◆ EXERCISE GOAL ◆
Print the lines in the listing below that fall between the line with "More recent comparisons, for" and the line with "瑞典皇家科学院13日宣布,来", those two lines included, exactly as they stand and with nothing else.

◆ MATERIAL TO PROCESS ◆
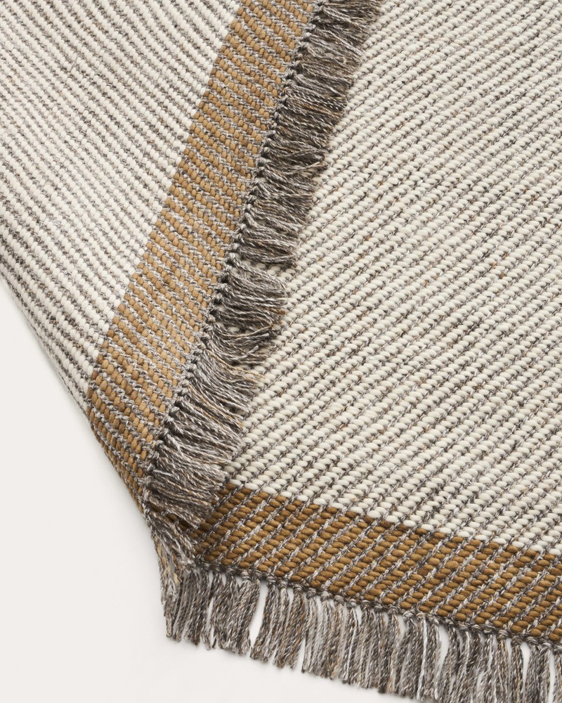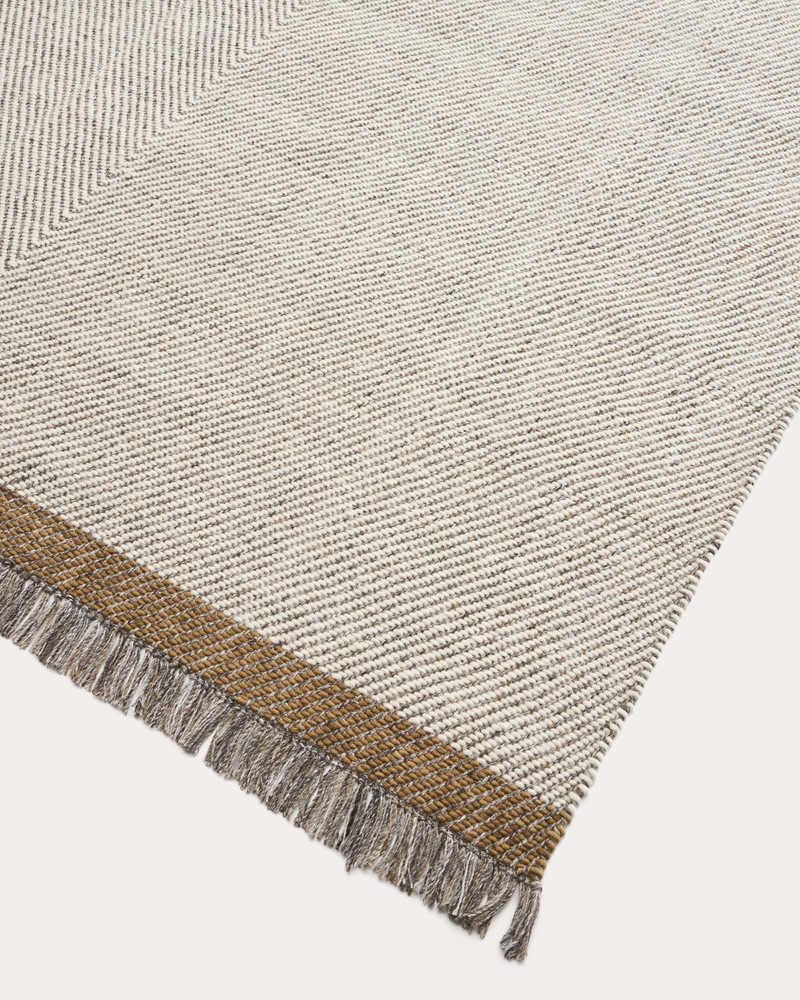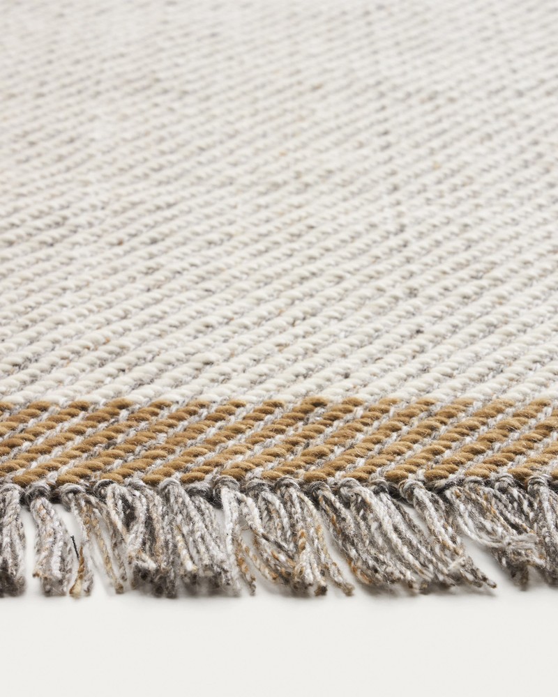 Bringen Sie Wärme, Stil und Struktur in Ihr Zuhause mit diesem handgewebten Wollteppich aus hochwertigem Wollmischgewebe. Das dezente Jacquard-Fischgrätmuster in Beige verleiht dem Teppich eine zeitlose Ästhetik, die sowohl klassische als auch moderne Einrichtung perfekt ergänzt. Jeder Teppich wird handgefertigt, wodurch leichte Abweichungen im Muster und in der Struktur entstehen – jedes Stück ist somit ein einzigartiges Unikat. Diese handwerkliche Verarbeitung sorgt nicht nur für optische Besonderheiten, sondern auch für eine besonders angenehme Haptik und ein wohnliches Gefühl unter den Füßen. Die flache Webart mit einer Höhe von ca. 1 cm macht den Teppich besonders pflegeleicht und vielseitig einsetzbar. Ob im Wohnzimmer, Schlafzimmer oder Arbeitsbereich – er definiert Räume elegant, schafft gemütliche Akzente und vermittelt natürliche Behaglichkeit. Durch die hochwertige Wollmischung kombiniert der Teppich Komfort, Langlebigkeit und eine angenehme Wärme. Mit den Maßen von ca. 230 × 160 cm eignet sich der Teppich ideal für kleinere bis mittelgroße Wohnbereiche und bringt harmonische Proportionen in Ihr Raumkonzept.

...

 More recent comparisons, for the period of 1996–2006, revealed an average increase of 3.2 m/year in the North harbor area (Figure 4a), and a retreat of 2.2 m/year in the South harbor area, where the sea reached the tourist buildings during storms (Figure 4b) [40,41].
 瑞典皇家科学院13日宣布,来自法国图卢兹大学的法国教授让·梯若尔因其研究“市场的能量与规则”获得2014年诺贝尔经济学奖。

◆ SOLVED PROBLEM ◆
 More recent comparisons, for the period of 1996–2006, revealed an average increase of 3.2 m/year in the North harbor area (Figure 4a), and a retreat of 2.2 m/year in the South harbor area, where the sea reached the tourist buildings during storms (Figure 4b) [40,41].
 瑞典皇家科学院13日宣布,来自法国图卢兹大学的法国教授让·梯若尔因其研究“市场的能量与规则”获得2014年诺贝尔经济学奖。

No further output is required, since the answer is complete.